This has the disadvantage for low cost applications that a large memory is 
needed to store the program as the instruction words will be 90 bits long. 
The interface between the program memory and the instruction decoder 
needs to have additional interconnects in order to allow the 90 bit instruction 
words to be received by the decode unit. This again adds to the size and 
power consumption of the processor. Finally the logic needed to implement 
the decode unit is increased in roughly direct proportion with the number of 
input pins. The decode unit is, therefore, more complex and consequently 
more expensive. 

In battery powered consumer products where cost and power consumption 
are of considerable concern to the designer, a compromise needs to be made 
between instruction set flexibility and resulting power efficiency and 
instruction word length and the increased cost. 

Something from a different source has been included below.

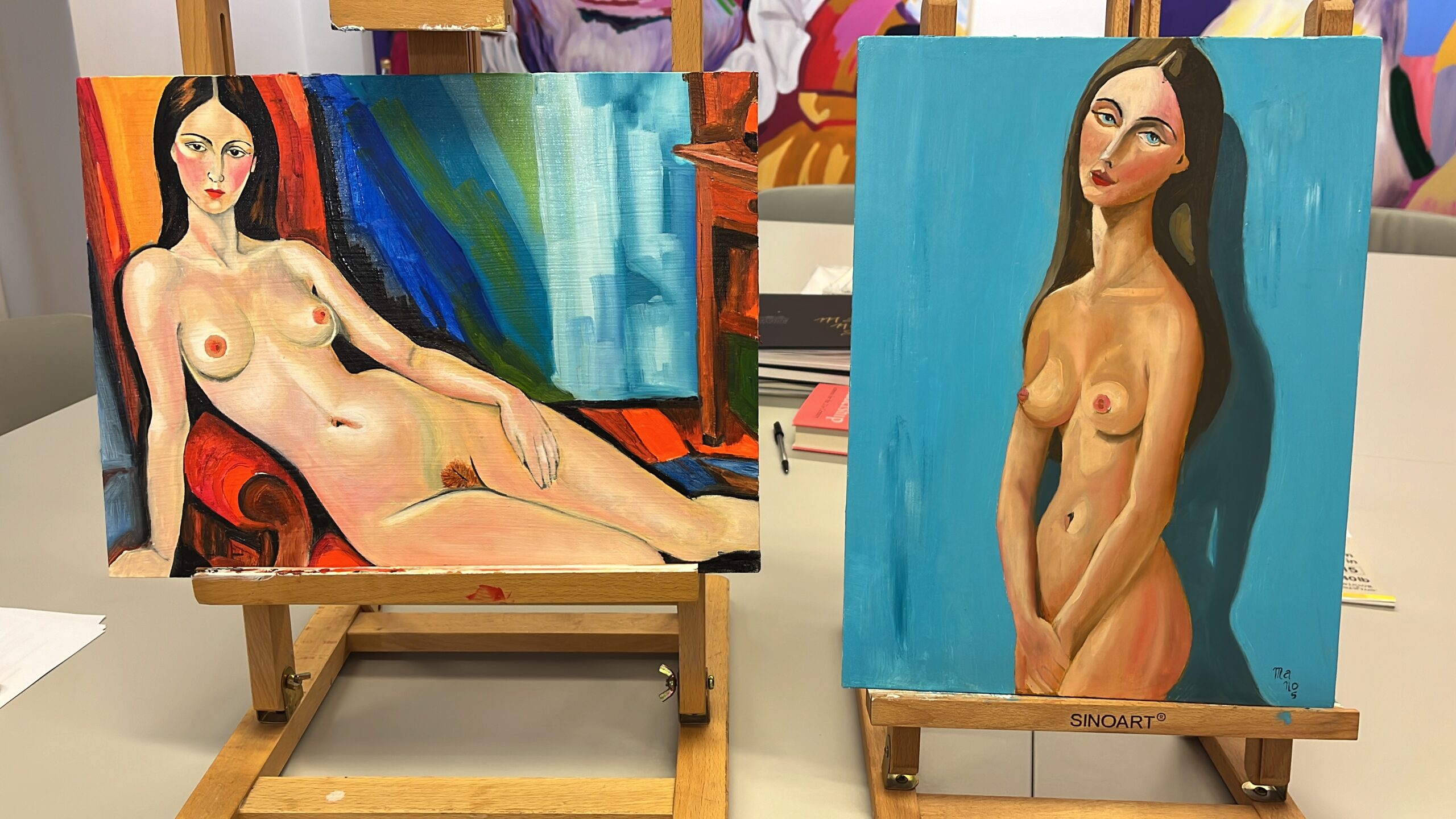 The female figure reclines naturally on the couch, as if she belongs to the very blue that embraces her. The body does not pose; it simply exists. And yet, its stillness hides a silent tension, a gaze that includes us. In this work, painting lets colour tell the story of desire without description—only through presence.

One conventional approach to resolving this conflict is to set the instruction 
word length by determining in advance a restricted number of instructions 
from which the designer is able to select. The choice of the restricted 
instruction set is of paramount importance and will typically be the 
instructions perceived to be most useful for a range of functions the 
processor might need to perform. 

This approach has the disadvantage that if the restricted instruction set does 
not include a particular instruction or the building blocks of that instruction, 
although the processor has hardware capable of functioning in accordance 
with that instruction it will be unable to operate in that fashion. This can lead 
to design compromises that may reduce the efficiency of the device the 
processor is driving and make the required performance of the device 
controlled by the processor difficult to achieve.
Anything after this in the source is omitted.